The 8 fallacies of distributed computing are becoming irrelevant

By WANdisco
Sep 01, 2016

In 1969, the U.S. Department of Defense created ARPANET, the precursor to today’s internet. Around the same time, the SWIFT protocol used for money transfers was also established. These are both early examples of distributed systems: a collection of independent computers that appear to users as a single coherent system.

Many come to know they have a distributed system when the crash of a computer they’ve never heard of affects the whole system. This is often the result of assumptions architects and designers of distribution systems are likely to make.

In 1994, Peter Deutsch, who worked at Sun Microsystems, wrote about these assumptions to explore what can go wrong in distributed systems. In 1997, James Gosling added to this list to create what is commonly known as the eight fallacies of distributed computing. Traditional approaches, which use time-based replication to architect and build distributed systems, suffer from many of these fallacies and result in systems that are inefficient, insecure and costly to maintain. Modern approaches, using complex mathematics such as the Paxos algorithm, overcome many of these significant hurdles.

1. The network is reliable

The first fallacy is an easy way to set yourself up for failure, as Murphy made sure there will always be things that go wrong with the network—whether it is power failure or a cut cable. However, Active Data Replication ensures that should a single server or an entire data center go offline, the information you need will still be available, as each data note is continuously synchronised without geographical constraints.

2. Latency is zero

Latency is how much time it takes for data to move from one place to another (versus bandwidth, which is how much data can be transferred during that time). In the past, latency has deteriorated quickly when you move to WAN or internet scenarios. As more enterprises look to migrate operations to the cloud or move to a hybrid cloud structure, network latency can lead to an inability to back up data and restore it at speed in any given situation, including disaster recovery. Active Data Replication technology can now ensure transactional data can be moved to the cloud at petabyte scale with no downtime and no data loss, making it possible for on-premises and cloud environments to operate as one.

3. Bandwidth is infinite

Bandwidth is the capacity of a network to transfer data. Even though network bandwidth capacity has been improving the amount of information we want to transfer, it is also increasing exponentially. But there are ways to increase bandwidth.
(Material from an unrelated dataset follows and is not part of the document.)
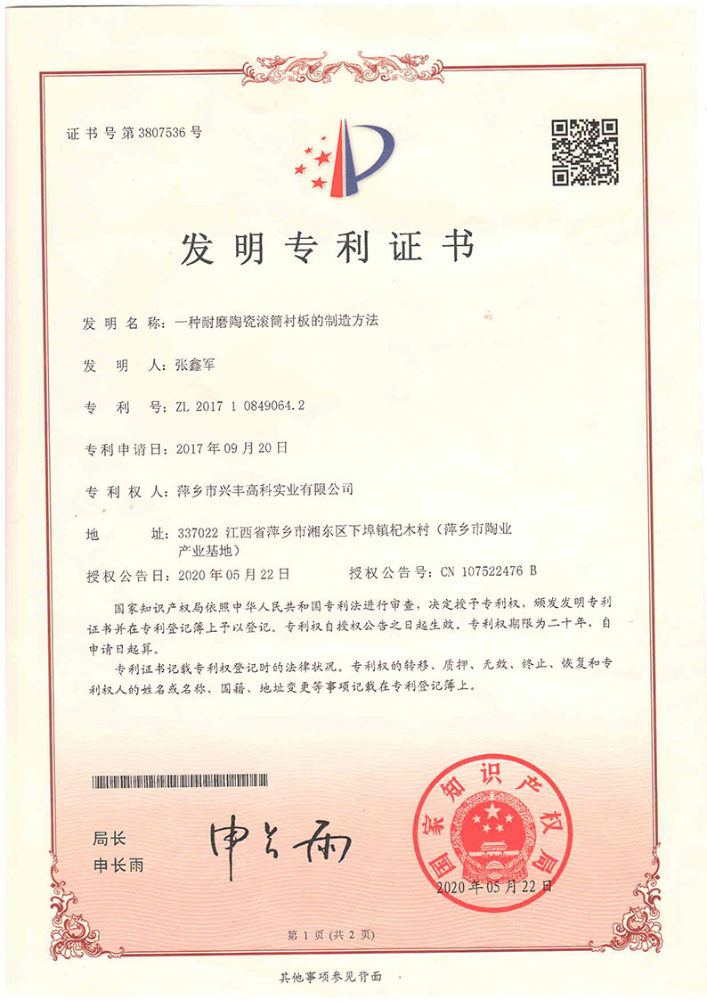 發(fā)明專(zhuān)利證書(shū)(簽章)

Again data replication technology allows you to have multiple databases, meaning your system isn’t dependent on any one thing and you have more bandwidth at your disposal that can be controlled using network traffic shaping capabilities. This gives administrators the power to prioritize network traffic on the basis of source and target data centers and the ability to assign higher priority to specific files and directories during replication between data centers.

4. The network is secure

The only completely secure system is one that is not connected to any network. Nevertheless, security is increasing all the time, as companies can deploy software solutions to ensure only external servers are exposed through the firewall, thereby reducing an organization’s vulnerability to hackers.

5. Topology doesn’t change

Topology doesn’t change as long as it stays in the test lab. When applications are deployed into an organization, network topology can quickly become out of control with laptops coming and going, wireless ad hoc networks and new mobile devices. In fact, one of the biggest benefits for organizations moving to the cloud is the ability to change topology at will. As data can now be replicated across different environments with guaranteed consistency, issues around topology are no longer as relevant as they used to be.
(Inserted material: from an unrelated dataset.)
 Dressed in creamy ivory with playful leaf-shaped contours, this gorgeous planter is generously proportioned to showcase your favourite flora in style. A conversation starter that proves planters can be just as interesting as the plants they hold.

6. There is one administrator

While there is never just one administrator, given your applications are likely interacting with systems outside your administrative control, the impact of this is no longer as critical as it once was. The fact is you care about administrators only when things go awry and you need to pinpoint a problem and solve it. Even then with the same data available across multiple locations, organizations can now carry on with their work with no risk of downtime.

7. Transport cost is zero

While nothing in life is free, the costs of setting and running a WAN network are considerably cheaper than they used to be. Cloud computing means you can purchase what you need per transaction, gigabyte or an hour. Active-active architecture means all servers and clusters are fully readable and writeable, always in sync and recover automatically from each other after planned or unplanned downtime. This means there are no passive read-only backup servers and clusters, so organizations can now use 100 percent of their hardware without wasting budget on idle servers.

8. The network is homogenous

This fallacy was added to the original seven by Gosling, the creator of Java, in 1997. With the advent of mobile, no network today is homogenous, but an increasing number of tools are being built that do let you try out things across different networks and environments. The key point here is to ensure you have no vendor lock-in.

Conclusions

It’s been over 20 years since the fallacies of distributed computing were first drafted and more than 40 years since we started building distributed systems. Technology has continued to evolve since then, rendering these fallacies increasingly irrelevant.

Google Spanner, for example, overcomes many of the fallacies by utilizing Paxos-based replication, along with plenty of dark fibre, to overcome latency and hardware-assisted time synchronization issues from using dedicated satellites, GPS clocks and atomic clocks.

The Paxos algorithm can also be extended to ensure global consistency through Active Data Replication with no additional hardware and no additional bandwidth requirements. As a result, today’s WAN networks are increasingly secure, cost effective, and with the right patented technology, can operate with no downtime and no disruption—something computer science has spent many years saying is impossible.